Doesn't it depend upon how long the UPS can keep the machine up. While we have not had many problems locally they have all been hours long. I am told that the newer UPS systems have a connector so the machine can sence the triggering and go into graceful shutdown if the UPS is on too long. I dont know the brand however. Perhaps this is what Hylton needs? CWSIV On Mon, 2004-03-15 at 02:37, Jerry Feldman wrote:
On Sun, 14 Mar 2004 21:04:24 +0200 "Hylton Conacher (ZR1HPC)"
wrote: To continue uncreasing my uptime value I would like to not have to shutdown the machine at the end of each day. However I assume the end of day shutdown is not necessary on a linux box. The reason I want to do it is that from time to time we have power outages and power outages are not nice to a logged on running linux system.
I am wondering if there is any state I could leave the machine at to ensure that it can be brought back again, should the power fail whilst I am sleeping? My current thoughts are to issue the command 'init 1' but then should the 'attacker' guess my root password I am finished.

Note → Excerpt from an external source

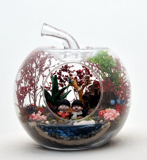 Tasarım içerisinde 1 adet yapay kaktüs bitki bulunmaktadır. 1 adet taş ev, 1adet 1adet yaşlı çift ,1adet baykuşlu ağaç,1adet sokak lambası ,1adet mini kaplumbağalar şoklanmış yosunlar ve kurutulmuş bitkilerle dekore edilmiştir. Elma fanus boyutu: yükseklik 23 cm, çap: 25 cm'dir. Not: Kullanılan cam, üfleme cam olduğu için, her bir cam kendine özeldir ve farklılıklar gözlenebilir. Ürünün yapımı esnasında sap kısmının kesim noktası eğimli bir görüntüye sahiptir, kırık değildir.
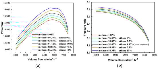 Figure 6a and Figure 6b are the compressor pressure ratio curves and power curves for different working fluid components under the same inlet conditions and the same rotational speeds, respectively. Here, the actual working fluid components, pure natural gas, and different methane–ethane ratios are selected for the study.

Yes I am paranoid and the machine is on a dial up connection to my ISP
with dynamic IP allocation from my ISP.
I wonder which is the safest method to leave a machine, init 1 or powered off. any comments?
-- The Little Helper I leave my desktop on 24x7. The power is stable here, but, for the most part, if the system is idle, a power failure generally will not cause any damage. If you have a journaling file system, such as Reiser, then the restart will be relatively quick.